26. Discharge device according claim 12, wherein the housing ( 12 ) includes a stop element ( 44 ) forming the intermediate stop ( 37 ), the stop element ( 44 ) having a slot ( 43 ) and a wall portion, and wherein the second housing part ( 25 ) is rotatable relative to the housing ( 12 ) and carries a second stop element ( 29 ) which is adjusted in relation with the slot ( 43 ) in order to allow the second stroke, the wall portion providing a turning stop for rotation of the second housing part ( 25 ).

27. Discharge device according to claim 12, wherein the pressure release points ( 27 ) comprise at least one breaking element ( 30 ), which is predetermined to be broken on actuation of the pump.
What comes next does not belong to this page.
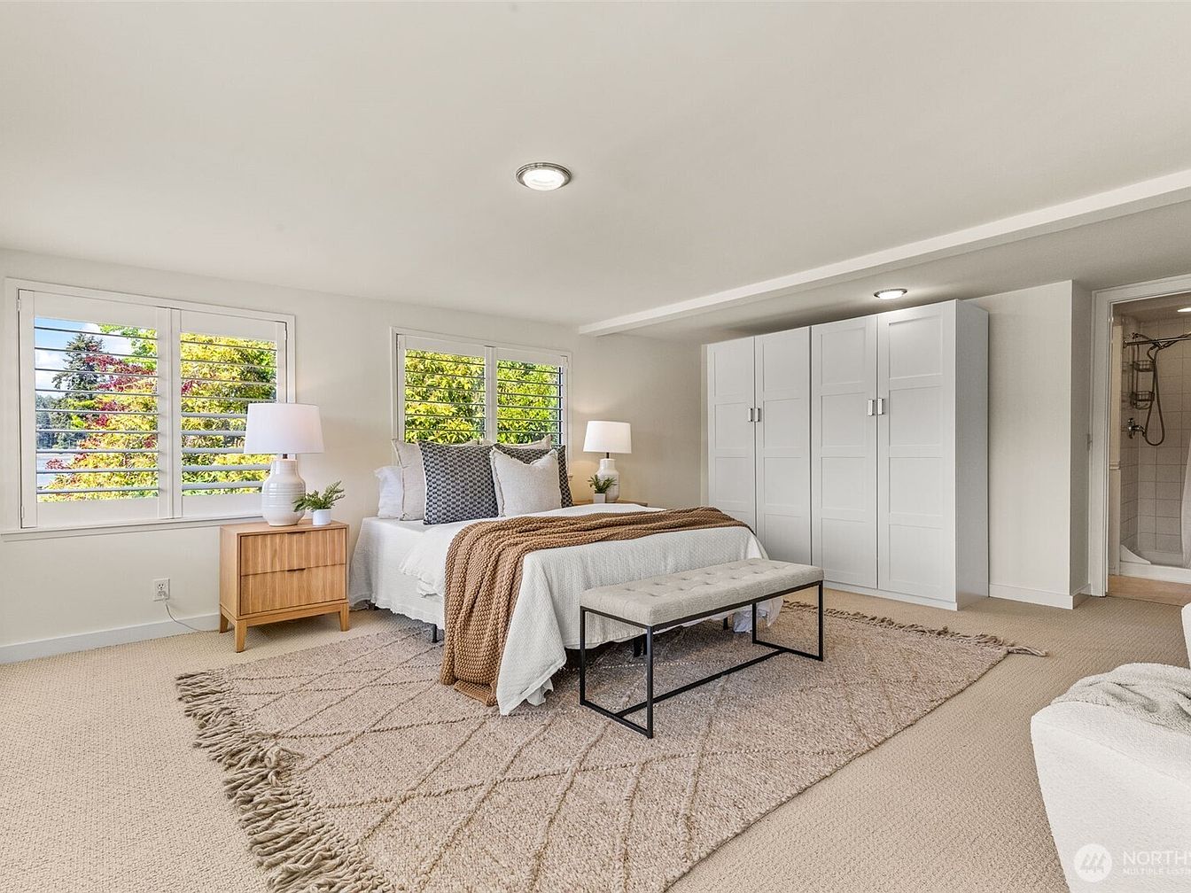 This master bedroom offers a serene and bright atmosphere with large windows featuring white plantation shutters, allowing natural light to flow through and providing lush garden views. The room is decorated in soft, neutral tones dominated by beige carpet flooring and a large patterned area rug that anchors the space. The bed is dressed in crisp white linens accented by textured pillows and a cozy brown throw blanket. On either side of the bed, natural wood nightstands hold matching white lamps, adding warm ambient lighting. A sleek, black metal-framed bench with a cushioned top sits at the foot of the bed, while a set of tall, white wardrobes provides ample storage. The room also includes a visible doorway leading to an adjoining bathroom, enhancing functionality and comfort.

28. Discharge device for flowable media comprising:

a housing having a first housing part ( 12 ) and a second housing part ( 25 );

a thrust piston pump ( 46 );

a medium reservoir ( 20 );

a pump chamber ( 23 ) of the thrust piston pump ( 46 ) being formed by the medium reservoir ( 20 );

a discharge channel ( 19 ) leading from the pump chamber ( 23 ) to a discharge opening ( 14 );

a pump piston ( 21 ) being movable in the pump chamber ( 23 ) over at least two partial discharge strokes from a starting position to at least one intermediate stop position and finally to a subsequent stop position in order to provide discharge successive partial discharges of said medium;

at least one intermediate stop ( 37 ) locking the thrust piston pump ( 46 ) in the intermediate stop position; and

unlocking means for unlocking the thrust piston pump ( 46 ) from the intermediate stop for a second one of the two partial discharge strokes in response to an unlocking action, the unlocking action being a rotating action;

at least two destructible pressure points ( 27 ) providing for a minimum actuating force to be applied to the pump before the piston moves,

wherein the first housing part ( 12 ) and the second housing part ( 25 ) are moveable relative to each other; and

wherein the intermediate stop and the unlocking means are provided on said first housing part ( 12 ) and said second housing part ( 25 ).